Restrictions/Special Constraints

This dataset is published under the Nwulite Obodo Open Data Licence 1.0 (NOODL-1.0). It is openly available and royalty-free for developers, researchers, and startups operating within developing nations to build, modify, and commercialize AI systems. However, commercial entities headquartered in developed, high-income nations must engage in a benefit-sharing agreement with LyngualLabs as stipulated by the NOODL-1.0 framework.

DATASET OVERVIEW & DEMOGRAPHICS

The YECS Corpus provides ~120 hours of high-quality, naturally produced intra-sentential Yoruba-English code-switched speech.

Total Size: 99,930 validated audio-text pairs.
Data Splits: The dataset is partitioned with strict prompt-level disjointness into Training (~95.5 hours), Validation (~12 hours), and Testing (~11.8 hours). To prevent data contamination, the Test set is released as audio-only; ground-truth annotations are retained internally by LyngualLabs for benchmarking.
Item Meta Each utterance includes clean speech recordings (mean SNR of 91.6 dB), full Yoruba orthography, word-level language tags, emotion labels, and domain tags.
Speaker Demographics: Features 140 unique speakers (95 female / 67.9%, 45 male / 32.1%). No single speaker accounts for more than 5% of the total dataset duration.
Language Dominance Breakdown: English-led (49.4%), Yoruba-led (38.6%), Balanced (11.9%), Monolingual (0.01%).

METADATA DISTRIBUTIONS

To ensure robust benchmarking, the dataset is highly stratified across all splits.

1. Gender Distribution

Gender	Overall	Train	Val	Test
Female	94.20h (78.9%)	75.42h	9.47h	9.31h
Male	25.17h (21.1%)	20.15h	2.50h	2.52h

2. Emotion Category Distribution

Emotion	Overall	Train	Val	Test
Neutral	115.37h (96.7%)	92.35h	11.56h	11.46h
Happy	1.32h (1.1%)	1.09h	0.12h	0.11h
Sad	1.19h (1.0%)	0.94h	0.13h	0.12h
Angry	0.72h (0.6%)	0.59h	0.07h	0.07h
Disgusted	0.38h (0.3%)	0.30h	0.04h	0.04h
Surprised	0.21h (0.2%)	0.17h	0.03h	0.01h
Fearful	0.18h (0.2%)	0.15h	0.02h	0.02h

3. Semantic Domain Distribution

Domain	Overall	Train	Val	Test
General	19.56h (16.4%)	15.51h	2.02h	2.03h
Finance	13.66h (11.4%)	11.13h	1.24h	1.28h
Entertainment	11.09h (9.3%)	8.86h	1.19h	1.03h
News	8.65h (7.2%)	6.97h	0.89h	0.79h
History	8.48h (7.1%)	6.82h	0.84h	0.82h
Education	8.09h (6.8%)	6.36h	0.87h	0.85h
Fashion	7.42h (6.2%)	6.06h	0.67h	0.70h
Law	6.87h (5.8%)	5.42h	0.71h	0.74h
Religion	6.67h (5.6%)	5.44h	0.61h	0.61h
Sports	6.37h (5.3%)	4.99h	0.70h	0.67h
Transportation	6.02h (5.0%)	4.79h	0.63h	0.59h
Health	5.89h (4.9%)	4.70h	0.58h	0.62h
Science	5.76h (4.8%)	4.66h	0.55h	0.55h
Family	1.91h (1.6%)	1.51h	0.18h	0.22h
Agriculture	1.55h (1.3%)	1.24h	0.16h	0.15h
Tourism	1.40h (1.2%)	1.11h	0.12h	0.17h

DATA COLLECTION & QUALITY PREPROCESSING

The dataset was curated using an ethical "data farming" framework designed to empower the local community. First, 50 trained bilingual writers generated 51,532 culturally grounded prompts. Linguistic experts validated these for tonal accuracy and applied language/emotion tags. Finally, 140 community speakers recorded the prompts via a device-agnostic web app.

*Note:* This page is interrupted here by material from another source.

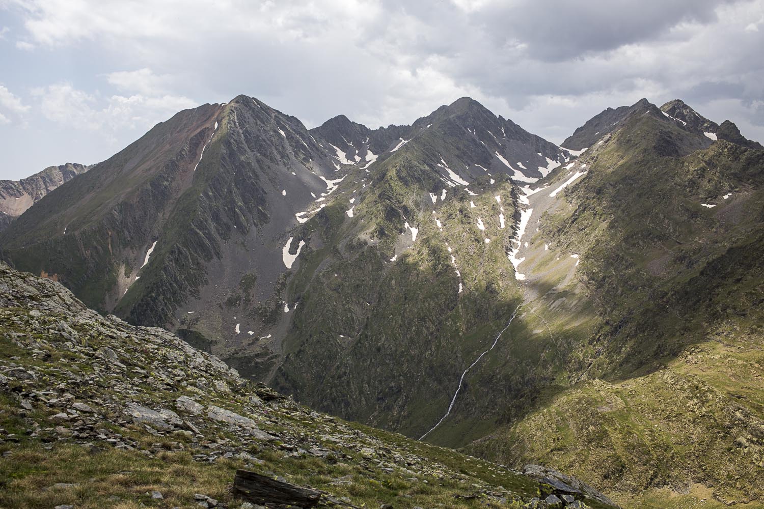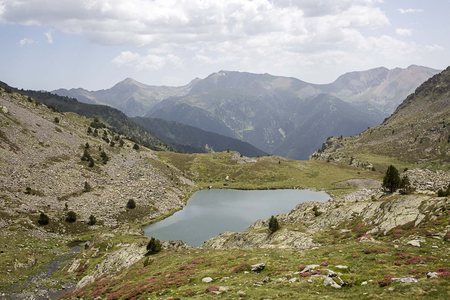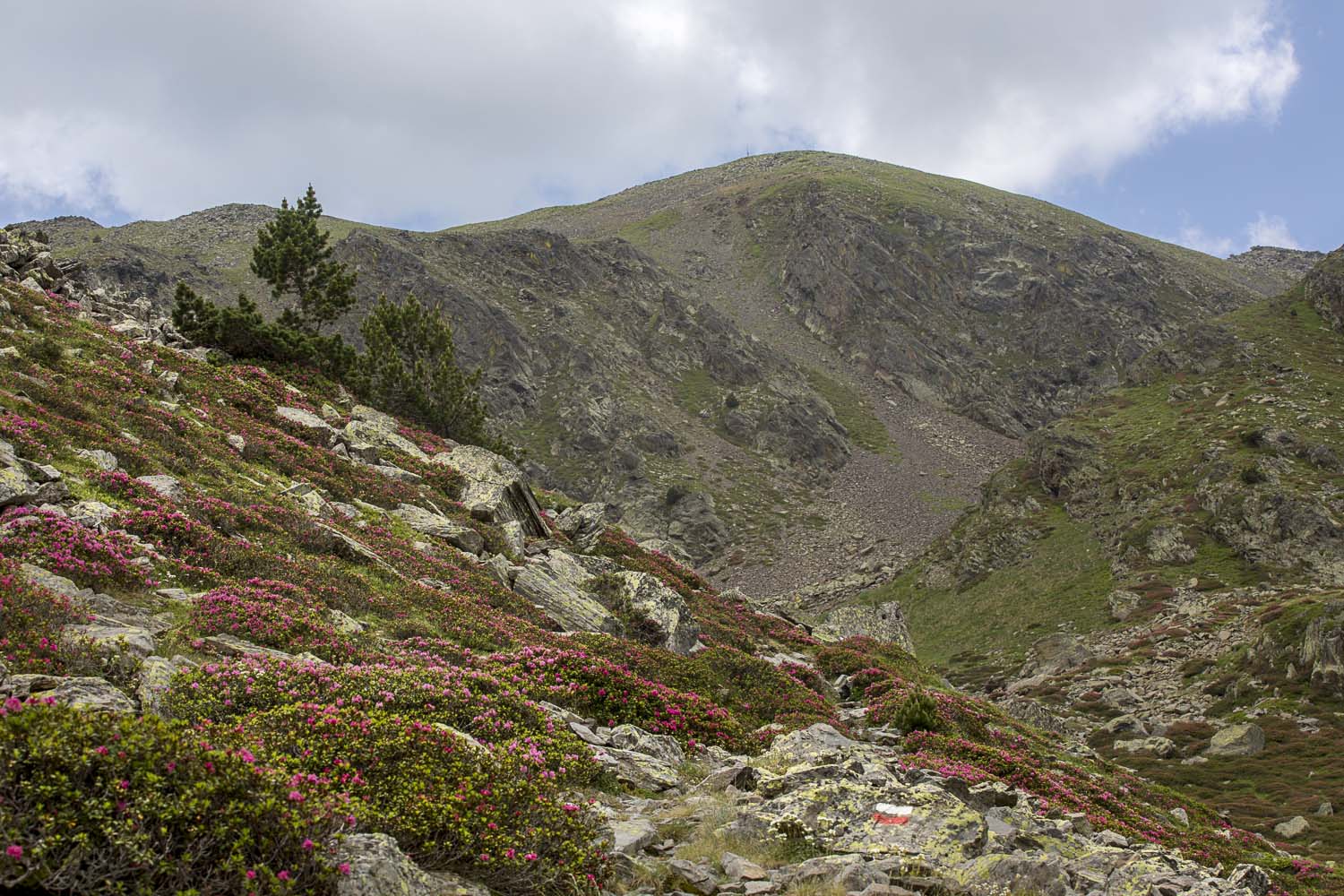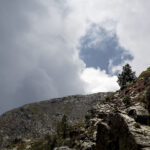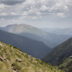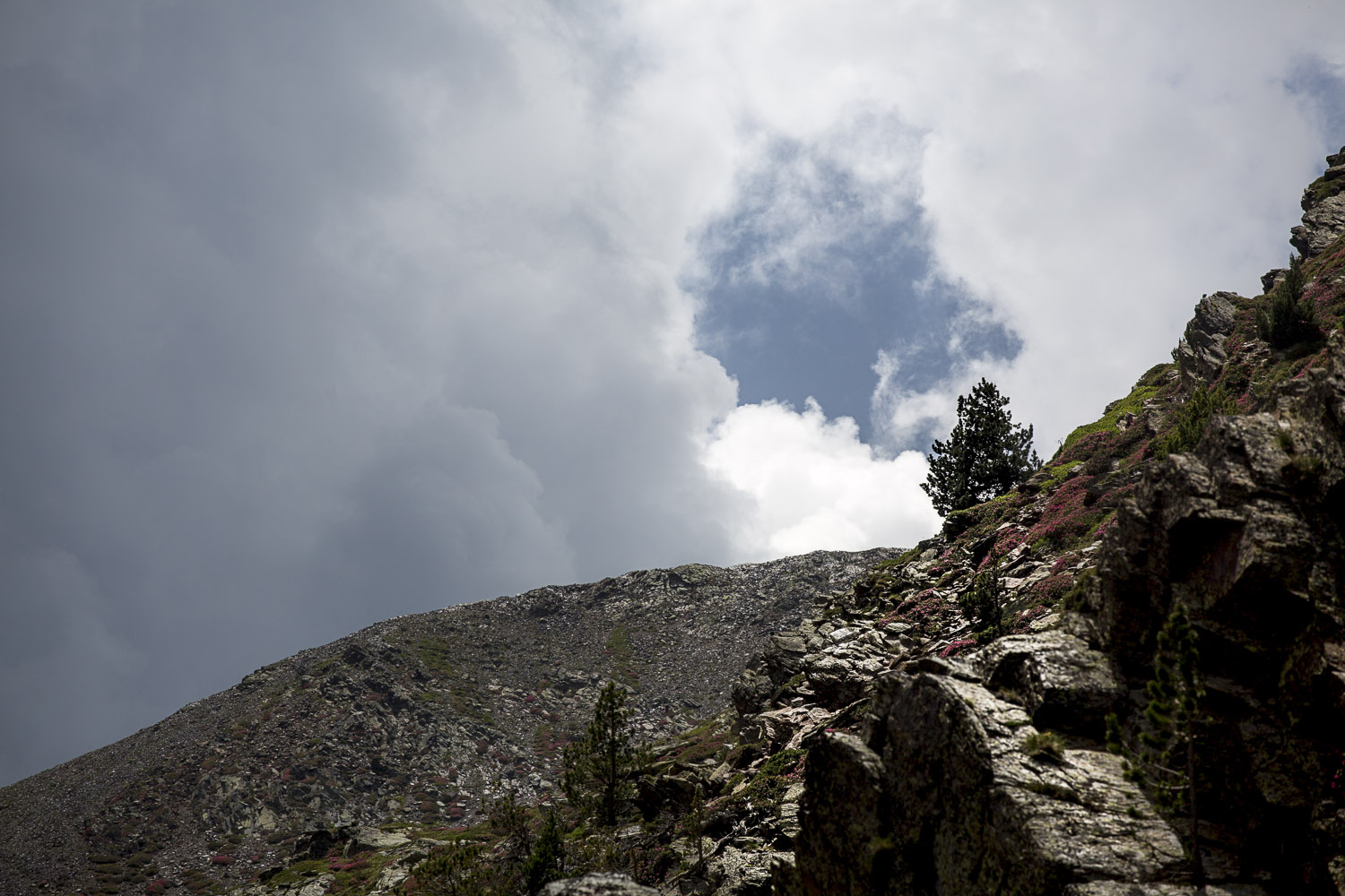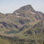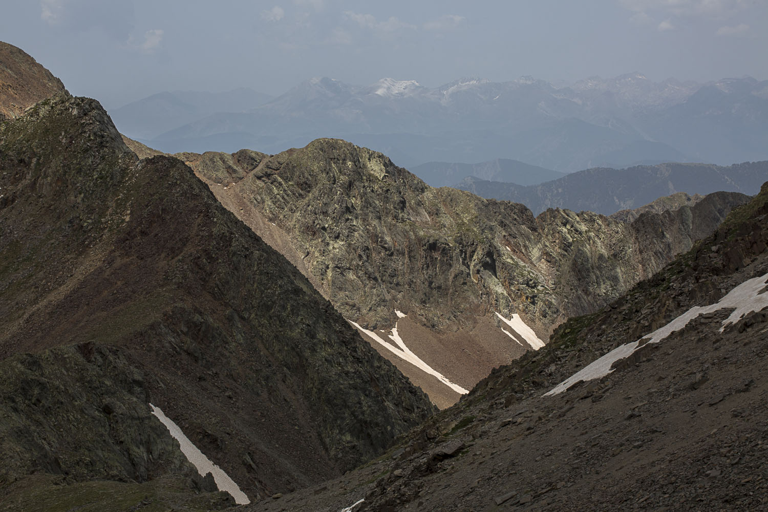 Podejście na przełączkę oddzielającą Arcalis od jeziorek Angonella zapamiętałam sprzed lat jako bardzo strome. Błoto, ruchomy piarg. Teraz to oznakowany szlak i jak zwykle w miejscach gdzie ludzie powtarzają dokładnie tą samą trasę utworzyła się już solidna ścieżka. Widoczność była doskonała, zza Port De Rat wynurzył się Pica d’Estats- pierwszy trzytysięcznik. Wypatrywałam przełęczy, z której zeszliśmy kiedyś wiosną z Jose (i trafił w nas piorun), ale teraz bez śniegu trudno było rozpoznać, która to. Zejście nad jeziorka też jest teraz łatwą ścieżką, choć nadal jest tam bardzo stromo. Kiedyś opuszczałam się tam krok po kroku w ruchomych piargach, nawet nie wiem czy to nie było czasem trochę obok, kilkadziesiąt metrów dalej na wschód. Stare dzieje, od tamtych pierwszych samotnych wędrówek minęło już prawie 20 lat. Pomyślałam, że to dziwne, że nigdy jeszcze nie spałam w schronie Angonella. Za pierwszym razem rozbiłam namiot nad pośrednim stawem nieświadoma, że kilkaset metrów dalej jest schron. Innego lata minęłam go, bo było zbyt wcześnie i teraz też musiałam go minąć. Chyba żeby zajrzeć na drugie śniadanie?… Zerknęłam, przed chatką kłębił się już tłumek. Poszłam dalej i też zaczęłam spotykać ludzi. Nie dużo, ale przyszedł mi do głowy pomysł żeby opuścić szlak i wdrapać się na grań. Nie było to trudne. Wysoko, po szczytach lub troszkę niżej trawersami biegła cieniutka, może owcza ścieżka. Nie zauważyłam kiedy się zachmurzyło. Z grani był daleki widok, patrzyłam na dwie wysokie przełęcze na francusko hiszpańskiej granicy, już za Andorą. Portella de Baiau, na której jeszcze nigdy nie byłam i znaną mi Coll dels Estanys Forcats, przez którą przechodzi GR11. Z tej odległości, z góry, obie wydawały się bardzo strome. Płaty śniegu zalegały już tylko w zacienionych miejscach i byłam pewna, że da się je obejść.

Each prompt was recorded by three distinct speakers to ensure acoustic diversity. A mandatory record-submit-review workflow minimized clipping and background noise. Following strict quality assurance for intelligibility and tonal preservation, non-compliant samples were excluded from the initial raw collection, resulting in this final ~120-hour corpus.